101 of modern Logging
Originally article was published on https://www.dataart.team/articles/your-ultimate-guide-to-modern-logs and assembled from my LinkedIn posts.
A few weeks ago, I stumbled upon a message in one of the architecture-related discussion chats. It read, “The client asks us not to log anything on prod due to the cost of log message storage,” yet we need to trace the execution flow on dev and stage.
This situation opens a can of worms and leads us to the topic of modern logs, or more accurately, observability systems — how they work, how to set up observability properly, what observability backend systems exist across different platforms such as Java, .Net, NodeJS, etc., and what observability front ends exist, plus how to use them in a way that doesn’t break the bank. Speaking specifically, we expect the cost of observability to amount to <5–10% of the overall infrastructure cost.
I started building observability systems in the late ’90s, even creating an open-source library for basic low-cost logging. In a parallel universe, I might one day write a book titled “Observability Made Properly in N Steps.” However, life is moving too quickly for book writing, so here is an in-depth article about the matter. The topic of observability is broad and includes at least logging, monitoring, and tracing. In this article I will talk about logging.
Log Separation by Use Case
Logging is the most widespread tool of observability. When utilizing this tool, it’s crucial to distinguish between use cases. I can identify at least the following:
1. Development Time Logging: Real-Time, Line by Line
Use case: “Let’s see how it works for one request.”
When developing a new feature or fixing a bug, and examining the execution flow, you may encounter excessive logging or strange log messages like “ — -3,” without much context. You simply trigger some system function and observe the execution. Personal data and secrets are not a concern here. What you need is the timestamp, logger name, and the message itself.
2. Development Time Logging: Real-Time Under Load
Use case: “Let’s see how it works with 1,000 requests for 30 min.”
Main differences from the previous case:
- Instead of logging 100 lines, you have 100,000. The issue is somewhere in the middle of this.

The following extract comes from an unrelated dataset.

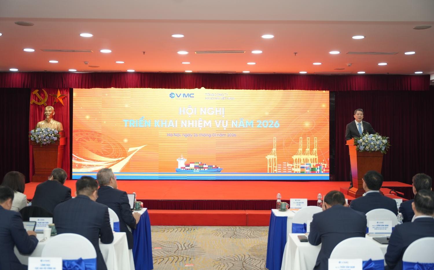 Thứ trưởng Bộ Tài chính đề nghị VIMC tiếp tục phát huy kết quả đạt được để tạo bứt phá ngay trong năm 2026, hướng tới mục tiêu tăng trưởng hai con số; từng bước xây dựng Tổng công ty trở thành tập đoàn hàng hải hàng đầu khu vực, với hệ sinh thái cảng biển – vận tải biển – logistics tích hợp, phù hợp tinh thần Nghị quyết 79 của Bộ Chính trị.
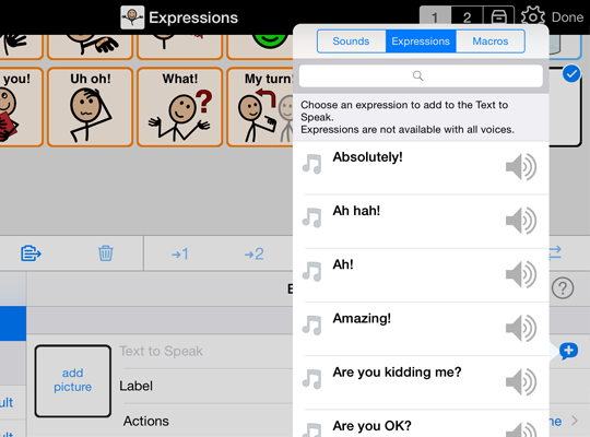 Vocabulaire en instellingen kunnen ook worden aangepast voor gebruik in de klas of tijdens therapie. De Proloquo2Go communicatie-app werkt ook met spraakuitvoer, de gebruiker kan meer dan 60 stemmen gratis downloaden (kinderen en volwassenen, Nederlands, Vlaams, Engels, Frans en Spaans). Berichten kunnen worden gedeeld via mail, iMessage, Twitter, Facebook en copy/paste in andere apps.

- Due to massive parallel thread logging, two log lines that sit consecutively in the code may have 100 log lines from parallel threads in between. If a log line is not atomic, it is meaningless. Thus, a log message should contain all necessary info.
- With a massive number of logs, you need to set proper log levels, and most likely, you will need a logging frontend — a UI application that provides log filtering, etc.
The most interesting part is that you may need to verify that, for instance, all 1,000 requests were processed correctly, and if not, then you need to find all log messages related to request number #3452 spread somewhere between lines 40,000 and 50,000.
This means that you need to have log message context fields (MDC), and the trickiest thing is you need to be able to see some execution metrics. This leads us beyond just logging into libraries such as Micrometer in Java.
3. Production Time Logging
Use case: “Something bad happened 2 days ago, we cannot reproduce it, let’s find it using logs.”
This case has all the complexities of the previous one, with additional caveats.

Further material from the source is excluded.